[EXERCISE MATERIAL Boundary: Start]
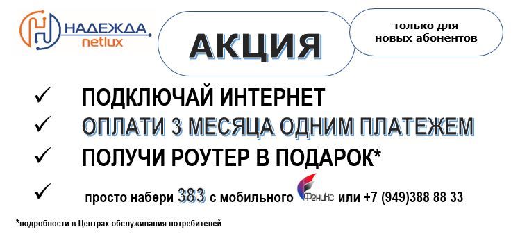 Акция действует с 11.08.2025 г. и до момента окончания Wi-Fi роутеров на складе ОператораАкция доступна только для новых абонентов услуги Интернет.
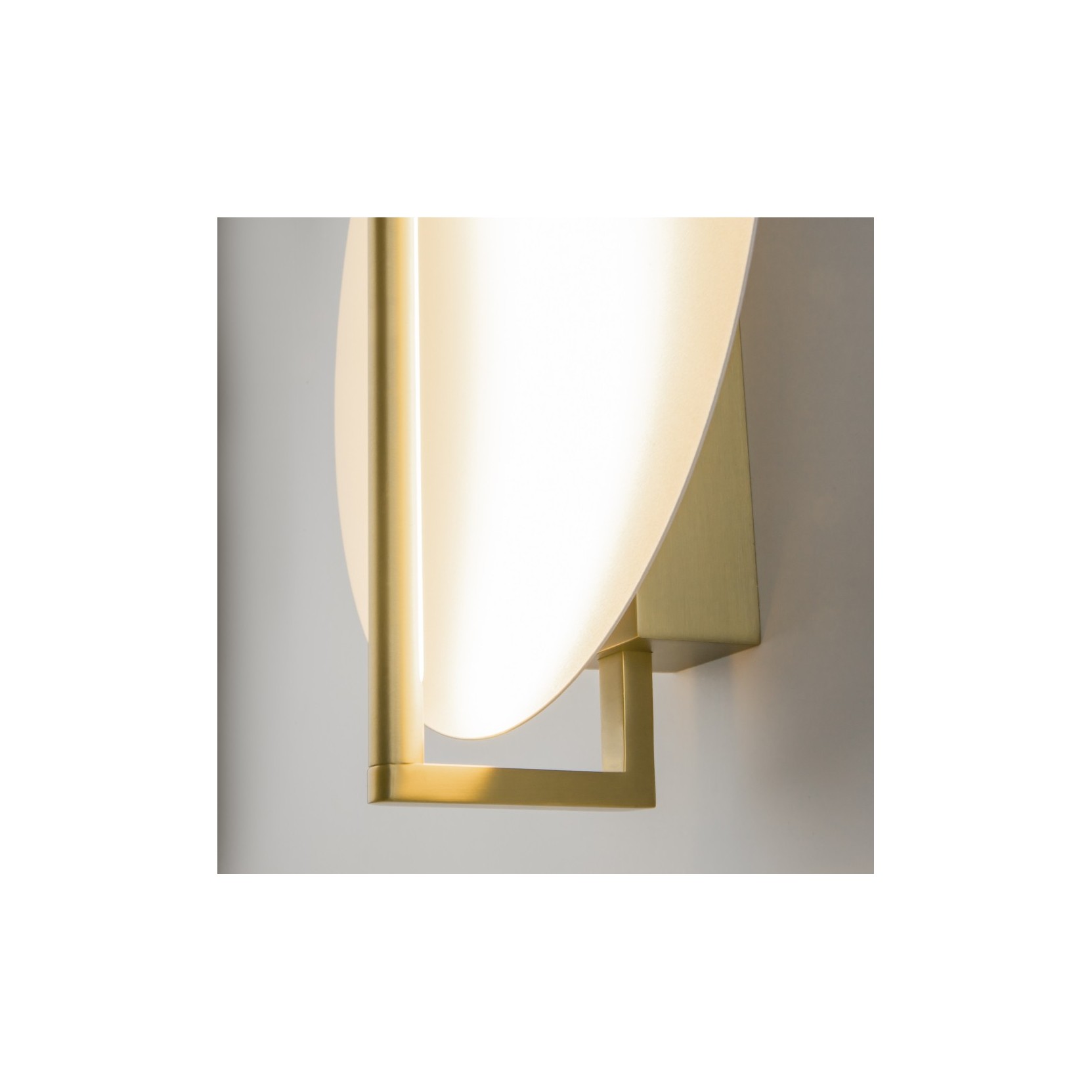 The Mira lamp stands out for its essential and rigorous design, consisting of a large diffusing disk in satin opal glass intersected vertically by a slender burnished metal profile. This metal "axis" serves not only as a structural support but also visually bisects the circle of light, creating a perfect balance between solid and void, light and shadow. The final effect evokes astronomical phases, bringing a touch of rationalist poetry to the wall.
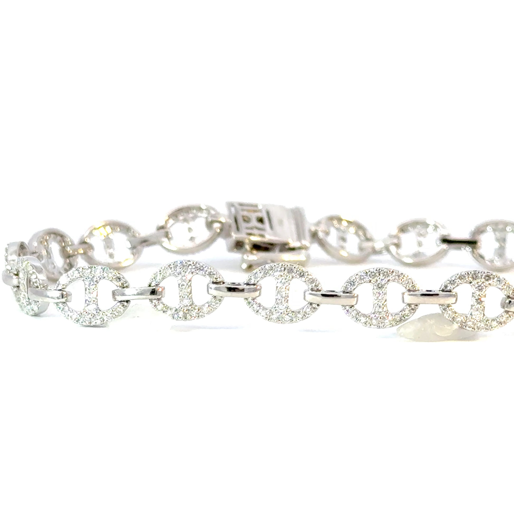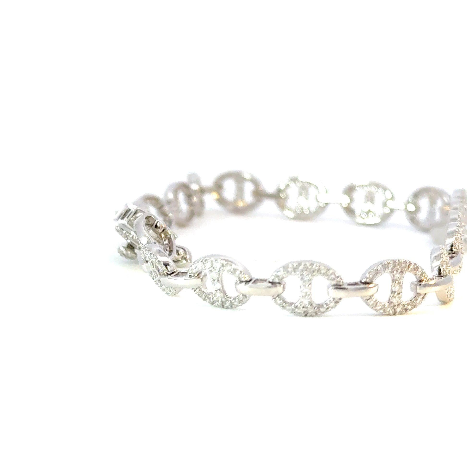 This exquisite 18K gold bracelet features a series of interlocking links, each adorned with shimmering diamonds totaling 1.99 carats. The luxurious design and intricate craftsmanship make it a perfect accessory for any sophisticated occasion.
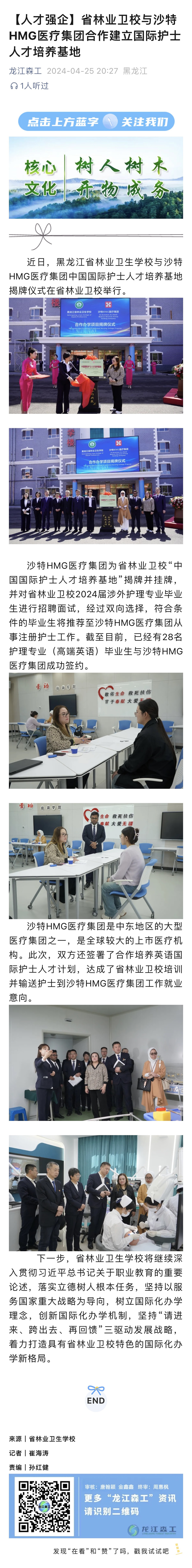 【龍江森工】【人才強(qiáng)企】省林業(yè)衛(wèi)校與沙特HMG醫(yī)療集團(tuán)合作建立國(guó)際護(hù)士人才培養(yǎng)基地
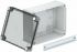 Kabelabzweigkasten geschlossen zum Verbinden von Kabeln und Leitungen im Innenbereich und geschützten Außenbereichen. Rechteckige Form ohne Einführungen. Geeignet für die Wand-/ Deckenmontage, die Montage auf Montageblechen und Gewinde im Boden. Mit der Möglichkeit zur Innenbefestigung und Montage über die Eckdome. Hoher, transparenter Deckel mit Schnellverschluss, plombierbar. Hergestellt aus halogenfreien und UV-resistenten Materialien. Inklusive Hutprofilschiene. Kabelabzweigkasten gemäß DIN EN 60670. Flammwidrig nach DIN EN 60695-2-11, Prüftemperatur 650°C. Schlagfestigkeit IK05 gemäß DIN EN 50102.
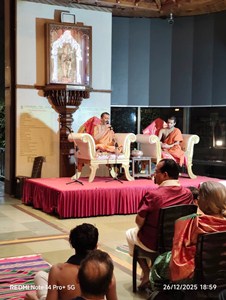 ಪ್ರವಚನದ ಪ್ರಥಮ ದಿನವಾದ ರವಿವಾರ 21.12.2025 ರಂದು ಗೋಕುಲಕ್ಕೆ ಆಗಮಿಸಿದ ಯತಿದ್ವಯರನ್ನು ಗೋಪಾಲಕೃಷ್ಣ ಪಬ್ಲಿಕ್ ಟ್ರಸ್ಟ್ ವಿಶ್ವಸ್ಥ ಮಂಡಳಿ ಮತ್ತು ಬಿ. ಎಸ್.ಕೆ.ಬಿ. ಎಸೋಸಿಯೇಶನ್ ಪದಾಧಿಕಾರಿಗಳು ಪೂರ್ಣಕುಂಭದೊಂದಿಗೆ ಸ್ವಾಗತಿಸಿ ದೇವಾಲಯಕ್ಕೆ ಕರೆತಂದರು. ಶ್ರೀ ಗೋಪಾಲಕೃಷ್ಣನಿಗೆ ಆರತಿ ಬೆಳಗಿ ವೇದಿಕೆಗೆ ಆಗಮಿಸಿದ ಯತಿದ್ವಯರನ್ನು ಅಧ್ಯಕ್ಷ ಡಾ. ಸುರೇಶ್ ರಾವ್, ಭಕ್ತಿ ಪೂರ್ವಕ ವಾಗಿ ಸ್ವಾಗತಿಸುತ್ತಾ, ರಾಮಾಯಣದ ಸುಂದರಕಾಂಡದ ರಸಾಮೃತವನ್ನು ಭಕ್ತಾದಿಗಳಿಗೆ ವರ್ಣಿಸಿ ಪುನೀತರನ್ನಾಗಿಸಬೇಕೆಂದು ಪ್ರಾರ್ಥಿಸಿ ದರು. ಮುಲುಂಡ್ ಸತ್ಯಧ್ಯಾನ ಪೀಠದ ಕುಲಪತಿಗಳಾದ ವಿದ್ವಾನ್ ಮಾಹುಲಿ ವಿದ್ಯಾಸಿಂಹ ಆಚಾರ್ಯರು ಪ್ರಾಸ್ತಾವಿಕ ನುಡಿಗಳನ್ನಾಡಿದರು. ಪ್ರತಿದಿನವೂ ಕಿರಿಯ ಸ್ವಾಮಿಗಳು ನೀತಿಕಥೆಗಳನ್ನು ಪೌರಾಣಿಕ ಕತೆ, ಉದಾಹರಣೆಗಳೊಂದಿಗೆ ಭಕ್ತಾದಿಗಳಿಗೆ ತಿಳಿಸಿದರು. ಶ್ರೀ ಶ್ರೀಯವರು ಪ್ರಥಮ ದಿನದಲ್ಲಿ ರಾಮಾಯಣದ ಮೊದಲಿನ ನಾಲ್ಕು ಕಾಂಡಗಳ ಬಗ್ಗೆ ಮಾತನಾಡಿ ನಂತರ ಏಳು ದಿನಗಳ ಕಾಲ ಐದನೆಯ ಕಾಂಡವಾದ ಸುಂದರ ಕಾಂಡದ ಸಾರಾಮೃತವನ್ನು ಅದ್ಭುತವಾಗಿ ವರ್ಣರಂಜಿತವಾಗಿ ಮನಮುಟ್ಟುವಂತೆ ಪ್ರವಚನ ಗೈದರು.
[EXERCISE MATERIAL Boundary: End]
INSTRUCTIONS FOR THE TASK:
Retype every entry above exactly, leaving out the pictures.

ANSWER FOR THIS EXERCISE:
 Акция действует с 11.08.2025 г. и до момента окончания Wi-Fi роутеров на складе ОператораАкция доступна только для новых абонентов услуги Интернет.
 The Mira lamp stands out for its essential and rigorous design, consisting of a large diffusing disk in satin opal glass intersected vertically by a slender burnished metal profile. This metal "axis" serves not only as a structural support but also visually bisects the circle of light, creating a perfect balance between solid and void, light and shadow. The final effect evokes astronomical phases, bringing a touch of rationalist poetry to the wall.
 This exquisite 18K gold bracelet features a series of interlocking links, each adorned with shimmering diamonds totaling 1.99 carats. The luxurious design and intricate craftsmanship make it a perfect accessory for any sophisticated occasion.
 【龍江森工】【人才強(qiáng)企】省林業(yè)衛(wèi)校與沙特HMG醫(yī)療集團(tuán)合作建立國(guó)際護(hù)士人才培養(yǎng)基地
 Kabelabzweigkasten geschlossen zum Verbinden von Kabeln und Leitungen im Innenbereich und geschützten Außenbereichen. Rechteckige Form ohne Einführungen. Geeignet für die Wand-/ Deckenmontage, die Montage auf Montageblechen und Gewinde im Boden. Mit der Möglichkeit zur Innenbefestigung und Montage über die Eckdome. Hoher, transparenter Deckel mit Schnellverschluss, plombierbar. Hergestellt aus halogenfreien und UV-resistenten Materialien. Inklusive Hutprofilschiene. Kabelabzweigkasten gemäß DIN EN 60670. Flammwidrig nach DIN EN 60695-2-11, Prüftemperatur 650°C. Schlagfestigkeit IK05 gemäß DIN EN 50102.
 ಪ್ರವಚನದ ಪ್ರಥಮ ದಿನವಾದ ರವಿವಾರ 21.12.2025 ರಂದು ಗೋಕುಲಕ್ಕೆ ಆಗಮಿಸಿದ ಯತಿದ್ವಯರನ್ನು ಗೋಪಾಲಕೃಷ್ಣ ಪಬ್ಲಿಕ್ ಟ್ರಸ್ಟ್ ವಿಶ್ವಸ್ಥ ಮಂಡಳಿ ಮತ್ತು ಬಿ. ಎಸ್.ಕೆ.ಬಿ. ಎಸೋಸಿಯೇಶನ್ ಪದಾಧಿಕಾರಿಗಳು ಪೂರ್ಣಕುಂಭದೊಂದಿಗೆ ಸ್ವಾಗತಿಸಿ ದೇವಾಲಯಕ್ಕೆ ಕರೆತಂದರು. ಶ್ರೀ ಗೋಪಾಲಕೃಷ್ಣನಿಗೆ ಆರತಿ ಬೆಳಗಿ ವೇದಿಕೆಗೆ ಆಗಮಿಸಿದ ಯತಿದ್ವಯರನ್ನು ಅಧ್ಯಕ್ಷ ಡಾ. ಸುರೇಶ್ ರಾವ್, ಭಕ್ತಿ ಪೂರ್ವಕ ವಾಗಿ ಸ್ವಾಗತಿಸುತ್ತಾ, ರಾಮಾಯಣದ ಸುಂದರಕಾಂಡದ ರಸಾಮೃತವನ್ನು ಭಕ್ತಾದಿಗಳಿಗೆ ವರ್ಣಿಸಿ ಪುನೀತರನ್ನಾಗಿಸಬೇಕೆಂದು ಪ್ರಾರ್ಥಿಸಿ ದರು. ಮುಲುಂಡ್ ಸತ್ಯಧ್ಯಾನ ಪೀಠದ ಕುಲಪತಿಗಳಾದ ವಿದ್ವಾನ್ ಮಾಹುಲಿ ವಿದ್ಯಾಸಿಂಹ ಆಚಾರ್ಯರು ಪ್ರಾಸ್ತಾವಿಕ ನುಡಿಗಳನ್ನಾಡಿದರು. ಪ್ರತಿದಿನವೂ ಕಿರಿಯ ಸ್ವಾಮಿಗಳು ನೀತಿಕಥೆಗಳನ್ನು ಪೌರಾಣಿಕ ಕತೆ, ಉದಾಹರಣೆಗಳೊಂದಿಗೆ ಭಕ್ತಾದಿಗಳಿಗೆ ತಿಳಿಸಿದರು. ಶ್ರೀ ಶ್ರೀಯವರು ಪ್ರಥಮ ದಿನದಲ್ಲಿ ರಾಮಾಯಣದ ಮೊದಲಿನ ನಾಲ್ಕು ಕಾಂಡಗಳ ಬಗ್ಗೆ ಮಾತನಾಡಿ ನಂತರ ಏಳು ದಿನಗಳ ಕಾಲ ಐದನೆಯ ಕಾಂಡವಾದ ಸುಂದರ ಕಾಂಡದ ಸಾರಾಮೃತವನ್ನು ಅದ್ಭುತವಾಗಿ ವರ್ಣರಂಜಿತವಾಗಿ ಮನಮುಟ್ಟುವಂತೆ ಪ್ರವಚನ ಗೈದರು.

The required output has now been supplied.